Dates, citations, and technology codes are just a small fraction of the information in the patent record. The information includes the unique identification number assigned to each patent, along with standardized information about when the invention was filed with the USPTO, when it was granted a patent, and the inventors of the patent. The record also contains text describing the invention’s important technological features, including a title, an abstract, and a list of “claims” that describe the invention’s novel technological features. Current text-analysis tools include automated methods for mining the text in the patent record and identifying the key technological features of each invention. The record also lists the USPTO technology codes that correspond to the main technological capacities contained in an invention. One can view a new invention as coming into existence (being “born”) when it is granted by the USPTO and as “reproducing” whenever another patent cites it as so-called prior art” (earlier patented inventions that are relevant to a new patent’s claims of originality). Then one can reconstruct the complete genealogy of every patented invention. This is one reason why patented technology is an exceptionally rich and feasible context for studying the evolution of cultural traits.
Cultural and biological evolution are often compared, so it is worth stressing that the population of patents has some properties never found in biological populations. One simple example is that existing patents never die and go out of existence. A more important example is the hyperparental genealogies that they form. On average a patent’s prior art consists of roughly a dozen earlier inventions; the magnitude of this number demonstrates the hyperparental nature of patented technology. Formal tools for describing hyperparental inheritance networks have only recently been developed (Kerr and Godfrey-Smith 2009; see chapter 5 of this volume), so how well traits flow through hyperparental genealogies is an open but answerable empirical question. Hyperparentality makes a new invention’s technological features a mix and combination of many earlier sources, and those features are often intentionally modified and blended by individual rational agents, so parent–offspring connections might be too degraded to enable certain kinds of natural selection to occur (Godfrey-Smith 2009, 2012).
Many complex causal webs affect cultural evolution. Patented technology is affected by things like technology inventors and designers, technology users and consumers, and economic markets and social institutions (Jaffe and Trajtenberg 2002; Arthur 2009; Caporael, Griesemer, and Wimsatt 2014). The evolution of technology involves evolution in many different populations, four of which are depicted in Figure 6.3. Each population is evolving over time, and as the arrows suggest, the populations are causally connected; entities in each interact with entities in the others, so the figure depicts only part of the story. A more exhaustive list of factors affecting cultural evolution has been compiled by Wimsatt (2013).
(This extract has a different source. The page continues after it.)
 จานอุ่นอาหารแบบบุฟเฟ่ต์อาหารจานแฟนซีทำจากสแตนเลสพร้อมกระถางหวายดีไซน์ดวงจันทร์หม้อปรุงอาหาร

Population I in Figure 6.3 consists of people who design technological products to be sold in economic markets. Members of this population borrow ideas from each other, and ideas spread and diffuse through the population as people interact. Population II consists of the patented technologies themselves; this population consists of each actual individual technological innovation, or at least those that are patented. The canonical description of a patent is simply the text in its title and abstract, as shown in the patent record. Unlike population I, the members of population II are not people but designs of specific kinds of technologies. Population III consists of commercial products in actual economic markets. These products are usually material objects, which are part of what is called material culture. Products compete with one another for market share and diffuse when first introduced to niches. Markets for products are affected by many kinds of factors, both endogenous and exogenous. Population IV consists of people who adopt and use technological products in their daily lives. Consumers select which technology products to buy and adopt, and preferences and fads diffuse through the population as consumers interact. Studies of cultural evolution often focus on the cultural traits of some population of humans, such as populations I and IV. I focus on evolution in exemplars of population II: patented inventions. The evolution of each of these populations and their interactions is worthy of study.
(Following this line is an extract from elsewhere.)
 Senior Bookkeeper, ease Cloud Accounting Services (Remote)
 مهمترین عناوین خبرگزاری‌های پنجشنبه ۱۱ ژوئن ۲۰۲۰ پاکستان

Each patented invention corresponds to a specific invention. A patented invention is not just an idea in someone’s mind (e.g., those who invent or use it), for those ideas change over time and come in and out of existence. A patented invention persists even if nobody thinks of it. Patented inventions are abstract because they are kinds of technology with an open-ended range of instances. If a material or physical device is patented, the patent covers not some specific instance of the device but that kind of device.
Each patent cites some number of earlier patents. It is common to use a patent’s citations of earlier patents as a proxy for a genealogical link between an invention and its technological “parents” (Jaffee and Trajtenberg 2002; Chalmers et al. 2010; Buchanan, Packard, and Bedau 2011; Bedau 2013). All of these nodes and links together comprise a genealogy that continually grows and evolves in new and unpredictable directions. We can identify the most heavily cited patents as the main drivers of the subsequent evolution of technology. Future patents build on and cite some patents more than others, and the main drivers emerge over time from this selection process. It turns out that the main drivers of technological innovation over the past forty years include bubble jet printers, polymerase chain reaction (PCR), and stents (Buchanan, Packard, and Bedau 2011).
Figure 6.4 shows part of the genealogy of U.S. utility patent number 3938459, for a certain type of minesweeper used by the U.S. Navy. Time flows from top to bottom in this genealogy, and the original minesweeper patent is the large star at the top right. All of the other patents shown in this figure are direct descendants of patent 3938459. Citations of parents by children are indicated by arrows. One can distinguish at least four large lineages, and some of them have complex internal interconnections.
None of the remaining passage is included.